Home education is usually only possible with a parent (almost always the mother) foregoing a salary for a number of years - risky.

PullTheBricksDown · 12/08/2025 09:51

, I have spoken to this on several occasions almost in your exact words: "I feel awkward, I feel like we're not connecting. What do you feel?"
He says he hasn't noticeably felt that. He then asked if I had an idea of what I/we would need to have/do in order to remedy it.
So he is aware of this and keen to address it. I just don't want to go on and on about it and make him feel at fault.

I don't read it this way, that he's keen to address it. I read this as 'I don't feel this way. This is a you problem. You come up with the answer.'

SeekerFinder · 12/08/2025 09:55

MageQueen · 12/08/2025 09:48

With the possible exception of homeschooling, none of your values seem excessively out there or difficult to find in a partner.

I don't understand why you're the main financial provider if you've only been together for 11 months and don't live together? Do you mean that you earn more than him? I hope you're not contributing to his living expenses?

Oops... thanks for spotting that.
No, I'm not supporting living expenses.
I meant mostly that I earn more than him.

He usually insists on paying most dates/adventures unless it's agreed that we share.

OP posts:
PrincessOfPreschool · 12/08/2025 09:56

You can buy conversation cards especially for couples. DH and I went through a phase of doing one every night because most of our conversations were so mundane (3 kids, life organisation, little time or energy) and we just wanted to talk more deeply but without having the energy to search for topics. There are great questions in 4 different categories. It's called Rethink :conversations for couples. Why don't you give these a go, and also work on being yourself more and letting go. Only then will you see if this relationship will really work...if he sees your silliness/ fun as immature or treats you as an inferior then this would be something very difficult to get over. But he may actually really appreciate it. My DD is introverted and naturally quite serious but all her friends (and me!) are quite crazy and outgoing, love being spontaneous. She loves being around people like that because it brings out that side in her.

SeekerFinder · 12/08/2025 09:59

PullTheBricksDown · 12/08/2025 09:51

, I have spoken to this on several occasions almost in your exact words: "I feel awkward, I feel like we're not connecting. What do you feel?"
He says he hasn't noticeably felt that. He then asked if I had an idea of what I/we would need to have/do in order to remedy it.
So he is aware of this and keen to address it.
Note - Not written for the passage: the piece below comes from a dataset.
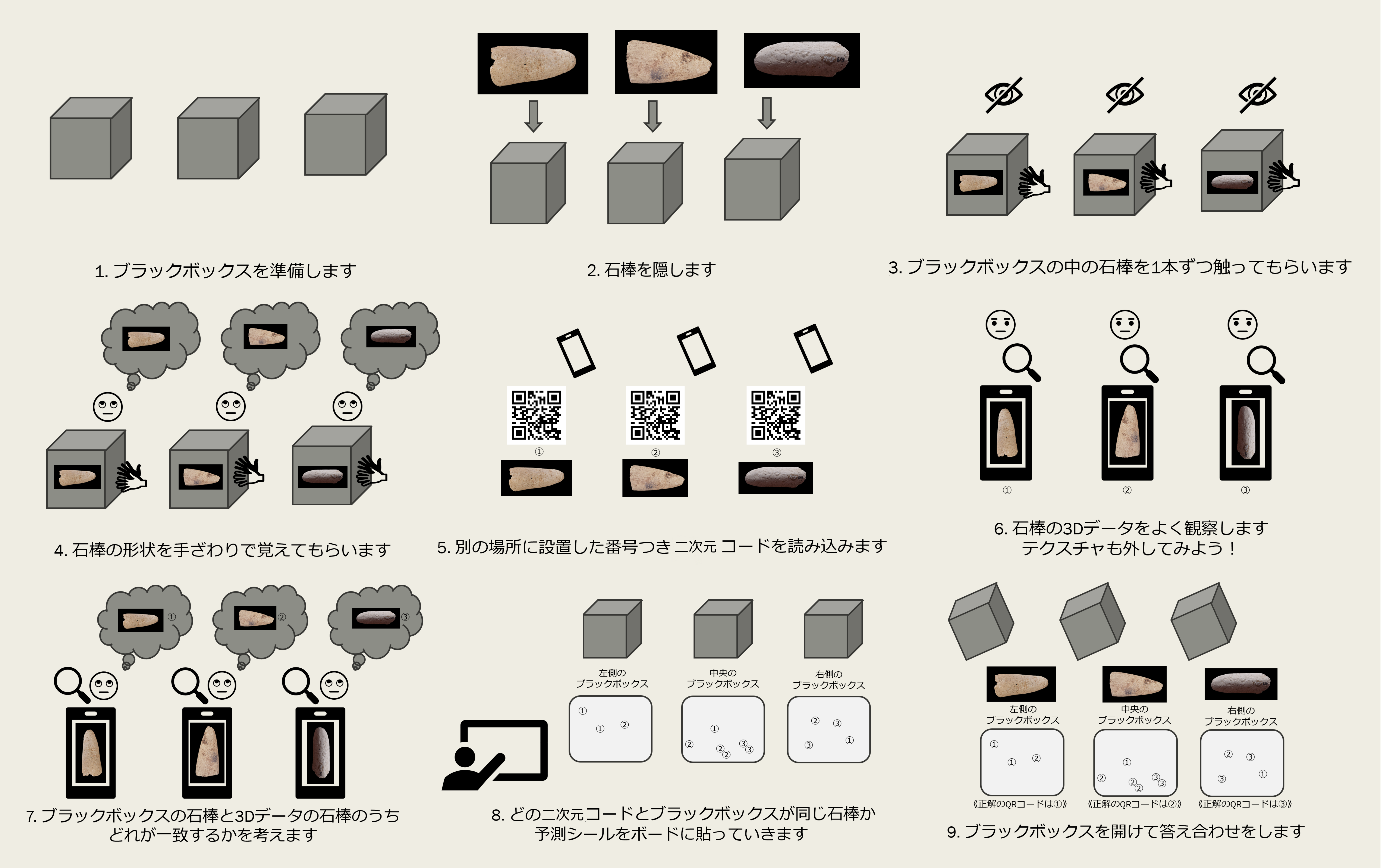 『デジタル技術による文化財情報の記録と利活用7』に掲載の井上隼多・橋本真之介・小林遼香・中嶋大倫・保谷里歩「文化財3Dデータを活用したユニバーサル・ワークショップ「石棒神経衰弱」の挑戦」にて使用した画像類

I just don't want to go on and on about it and make him feel at fault.

I don't read it this way, that he's keen to address it. I read this as 'I don't feel this way. This is a you problem. You come up with the answer.'

Well, in a big way it is a me problem... I think.
It may be deeper and be rooted in our dynamic itself, but still I'm 50% of that... and if I am the one experiencing the unease here, I feel it's correct that I should also be the one to check in with myself on what I'm needing in order to feel less awkward.
I think he genuinely isn't bothered by it.
He is a lot quieter than me by nature and not much of a blabber with anyone, whereas I could listen to/tell stories until dawn.

OP posts:
Battels · 12/08/2025 10:01

SeekerFinder · 12/08/2025 03:13

Ah, I see how it reads this way:
In contrast, he's had an amazingly interesting life.
International travel, working in documentary film in incredibly risky situations, has done a lot of exploration into the meaning of human existence and our place with/in nature.
He is curious, well read, intellectual and very creative (also a musician).
So, in majy ways he is far from 'traditional' in a conservative sense.

Edited

So why are you finding conversation with him so boring? At less than a year is the exciting bit, where you’re still discovering each other, and there are lots of bits of past, stories, old friends, travels, jobs, memories, etc you’re only beginning to hear about!

Mrsttcno1 · 12/08/2025 10:02

The bottom line is that this isn’t a partner, or a long term thing, you’re still in the dating phase when everything should be exciting, fun & easy… and it’s not.

The right person wouldn’t be this hard so soon!